▸ BRIEF
Give again only what runs from the line with "定期点検整備済み | ||" to the final line of the entries below, exactly as written and without pictures.

▸ SUPPLIED DATA
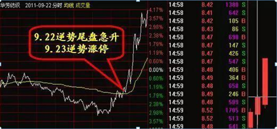 11年9.23日华芳纺织涨停,9.22日大盘下跌69点时该股尾盘迅速拉升4%。大跌之下大幅度走高,预示着第二天会有动作,即使不如华芳纺织般涨停也会有冲高动作,在前一天尾盘拉升时介入第二天有较好的获利机会。
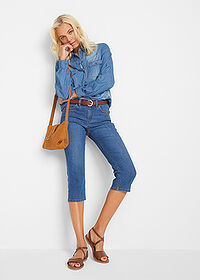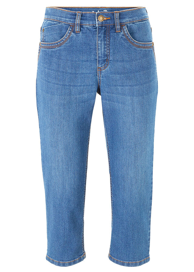 Vaqueros elásticos de corte capri, Largo. regular
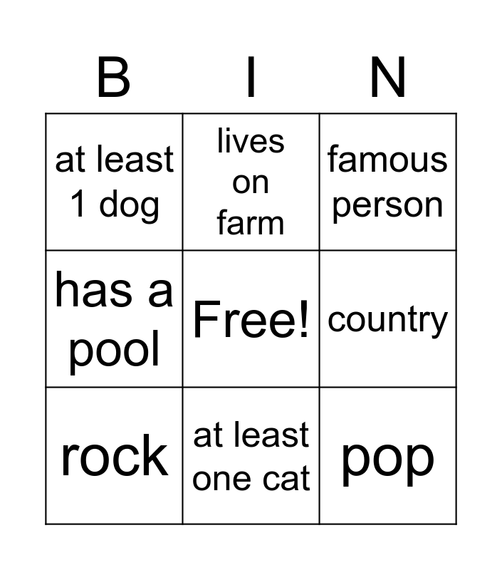 This bingo card has a free space and 8 words: country, famous person, lives on farm, rock, at least 1 dog, pop, has a pool and at least one cat.
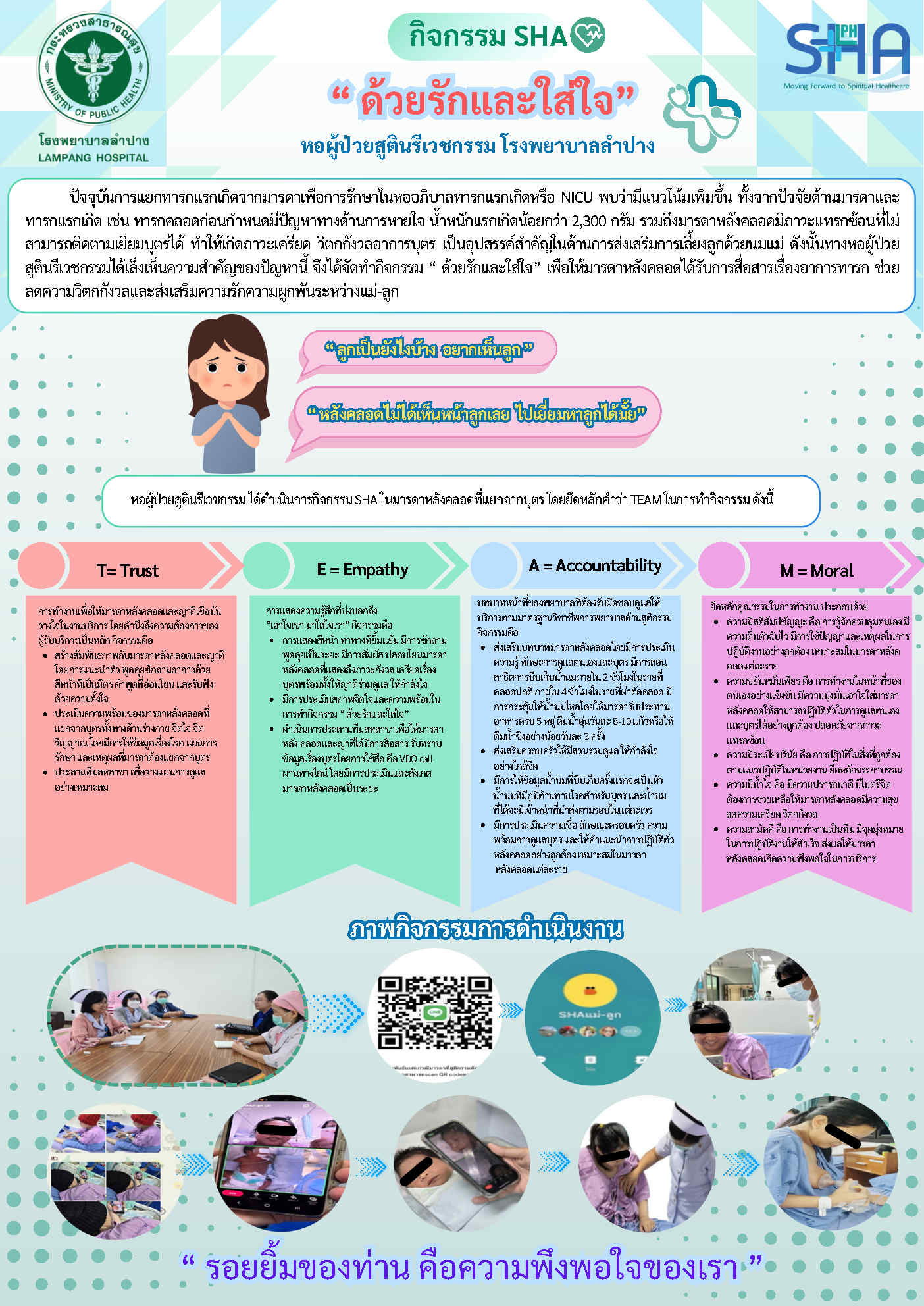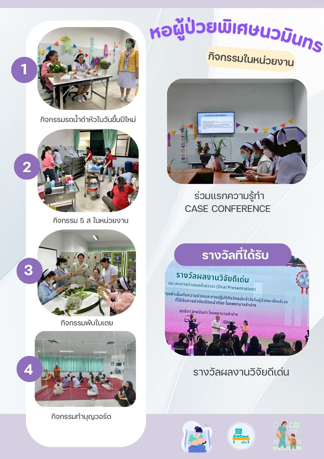 วัดผลความพึงพอใจของผู้ป่วยหนักที่ได้รับการดูแลจากบุคลากรทางการพยาบาลในแต่ละวอร์ด โดยประเมินจากแบบสอบถามความพึงพอใจ ซึ่งมีระดับคะแนน 1-5 โดยระดับ 4-5 ถือว่าเป็นระดับดีถึงดีมาก
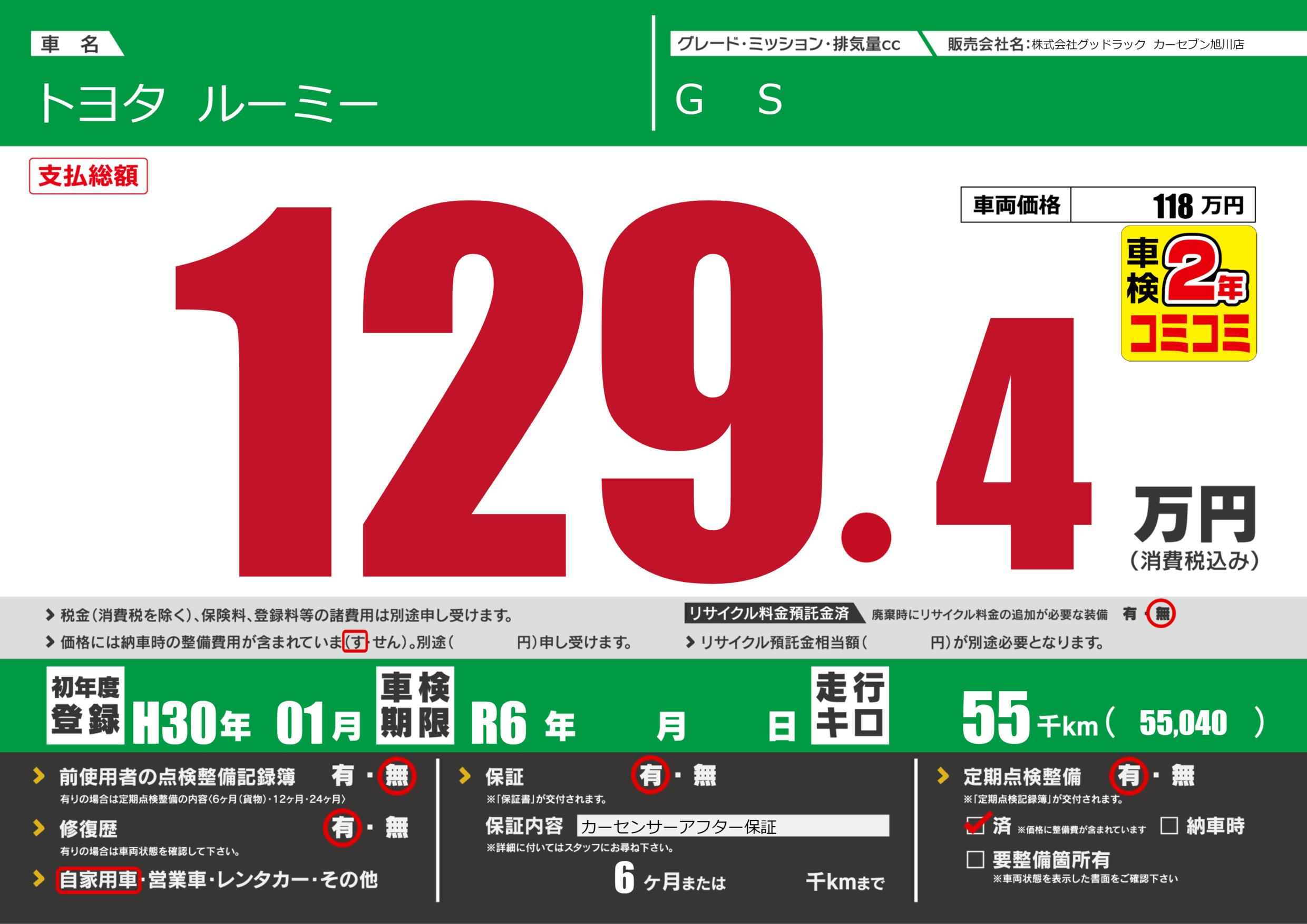 | 定期点検整備 | 定期点検整備あり 定期点検整備済み | ||
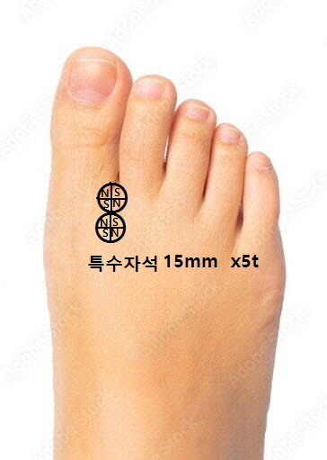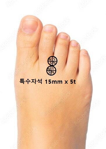 통증이 느껴지는곳에 특수자석(N극 S극 8개 교차반응) 20*T를 붙혀줍니다

▸ ANSWER TO THE EXERCISE
 | 定期点検整備 | 定期点検整備あり 定期点検整備済み | ||
 통증이 느껴지는곳에 특수자석(N극 S극 8개 교차반응) 20*T를 붙혀줍니다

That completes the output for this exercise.